第66章
Meanwhile the Athenians, greatly encouraged by the inaction of the Mitylenians, summoned allies to their aid, who came in all the quicker from seeing so little vigour displayed by the Lesbians, and bringing round their ships to a new station to the south of the town, fortified two camps, one on each side of the city, and instituted a blockade of both the harbours. The sea was thus closed against the Mitylenians, who, however, commanded the whole country, with the rest of the Lesbians who had now joined them; the Athenians only holding a limited area round their camps, and using Malea more as the station for their ships and their market.
While the war went on in this way at Mitylene, the Athenians, about the same time in this summer, also sent thirty ships to Peloponnese under Asopius, son of Phormio; the Acarnanians insisting that the commander sent should be some son or relative of Phormio.
As the ships coasted along shore they ravaged the seaboard of Laconia;after which Asopius sent most of the fleet home, and himself went on with twelve vessels to Naupactus, and afterwards raising the whole Acarnanian population made an expedition against Oeniadae, the fleet sailing along the Achelous, while the army laid waste the country.
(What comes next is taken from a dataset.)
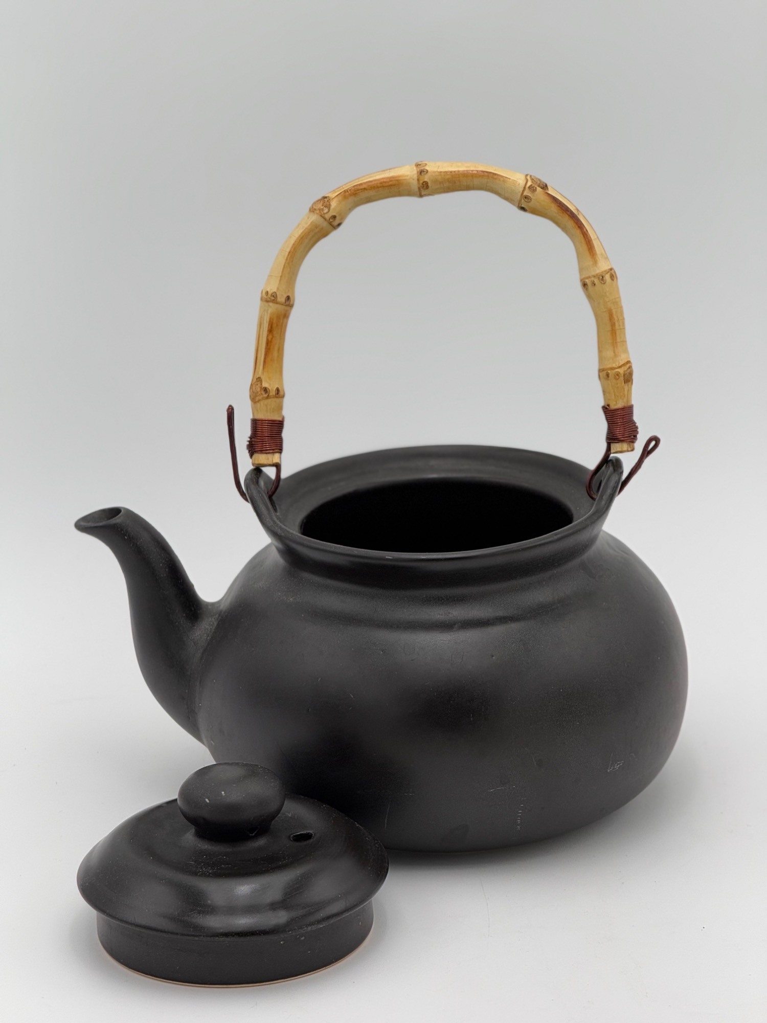 Lot # 97 - Elegant Black Ceramic Teapot with Bamboo Handle – Vintage Inspired

The inhabitants, however, showing no signs of submitting, he dismissed the land forces and himself sailed to Leucas, and making a descent upon Nericus was cut off during his retreat, and most of his troops with him, by the people in those parts aided by some coastguards; after which the Athenians sailed away, recovering their dead from the Leucadians under truce.
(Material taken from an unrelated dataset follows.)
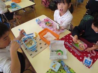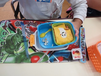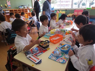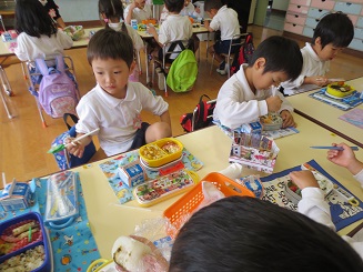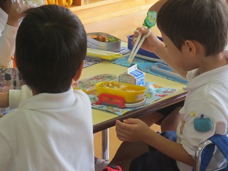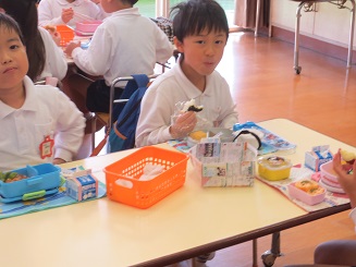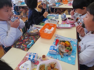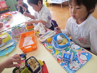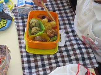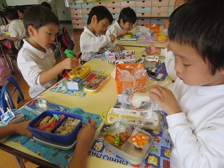 また、先生は食育指導も考えて、ご飯の食べ方、栄養、なども話題にだし、食事がすすむように、嫌いがなくなるように、お弁当の時間も盛り上げていました。美味しいお弁当をいつもありがとう!

Meanwhile the envoys of the Mitylenians sent out in the first ship were told by the Lacedaemonians to come to Olympia, in order that the rest of the allies might hear them and decide upon their matter, and so they journeyed thither. It was the Olympiad in which the Rhodian Dorieus gained his second victory, and the envoys having been introduced to make their speech after the festival, spoke as follows:
"Lacedaemonians and allies, the rule established among the Hellenes is not unknown to us. Those who revolt in war and forsake their former confederacy are favourably regarded by those who receive them, in so far as they are of use to them, but otherwise are thought less well of, through being considered traitors to their former friends. Nor is this an unfair way of judging, where the rebels and the power from whom they secede are at one in policy and sympathy, and a match for each other in resources and power, and where no reasonable ground exists for the rebellion. But with us and the Athenians this was not the case; and no one need think the worse of us for revolting from them in danger, after having been honoured by them in time of peace.
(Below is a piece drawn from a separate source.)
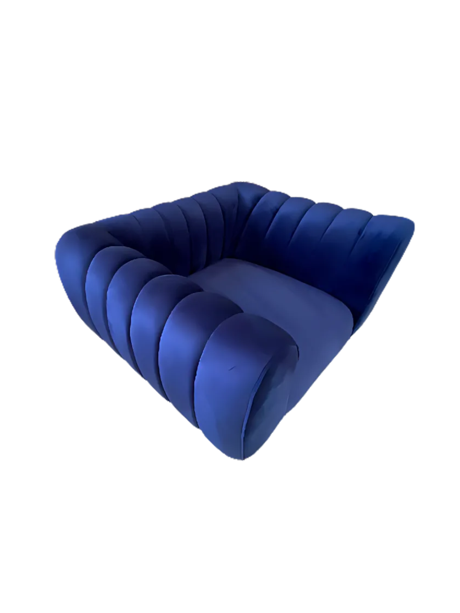 The Milano Solo is a sophisticated 1-seater sofa designed for ultimate comfort and modern elegance. Upholstered in luxurious deep blue velvet, it features a plush channel-tufted back and curved armrests, offering both style and coziness. With its bold yet inviting design, this sofa is perfect for contemporary living rooms, lounge spaces, or upscale hotel settings, making a refined statement in any interior.

"Justice and honesty will be the first topics of our speech, especially as we are asking for alliance; because we know that there can never be any solid friendship between individuals, or union between communities that is worth the name, unless the parties be persuaded of each other's honesty, and be generally congenial the one to the other; since from difference in feeling springs also difference in conduct. Between ourselves and the Athenians alliance began, when you withdrew from the Median War and they remained to finish the business. But we did not become allies of the Athenians for the subjugation of the Hellenes, but allies of the Hellenes for their liberation from the Mede; and as long as the Athenians led us fairly we followed them loyally; but when we saw them relax their hostility to the Mede, to try to compass the subjection of the allies, then our apprehensions began. Unable, however, to unite and defend themselves, on account of the number of confederates that had votes, all the allies were enslaved, except ourselves and the Chians, who continued to send our contingents as independent and nominally free.
Trust in Athens as a leader, however, we could no longer feel, judging by the examples already given; it being unlikely that she would reduce our fellow confederates, and not do the same by us who were left, if ever she had the power.
"Had we all been still independent, we could have had more faith in their not attempting any change; but the greater number being their subjects, while they were treating us as equals, they would naturally chafe under this solitary instance of independence as contrasted with the submission of the majority; particularly as they daily grew more powerful, and we more destitute. Now the only sure basis of an alliance is for each party to be equally afraid of the other; he who would like to encroach is then deterred by the reflection that he will not have odds in his favour. Again, if we were left independent, it was only because they thought they saw their way to empire more clearly by specious language and by the paths of policy than by those of force. Not only were we useful as evidence that powers who had votes, like themselves, would not, surely, join them in their expeditions, against their will, without the party attacked being in the wrong; but the same system also enabled them to lead the stronger states against the weaker first, and so to leave the former to the last, stripped of their natural allies, and less capable of resistance. But if they had begun with us, while all the states still had their resources under their own control, and there was a centre to rally round, the work of subjugation would have been found less easy. Besides this, our navy gave them some apprehension: it was always possible that it might unite with you or with some other power, and become dangerous to Athens. The court which we paid to their commons and its leaders for the time being also helped us to maintain our independence. However, we did not expect to be able to do so much longer, if this war had not broken out, from the examples that we had had of their conduct to the rest.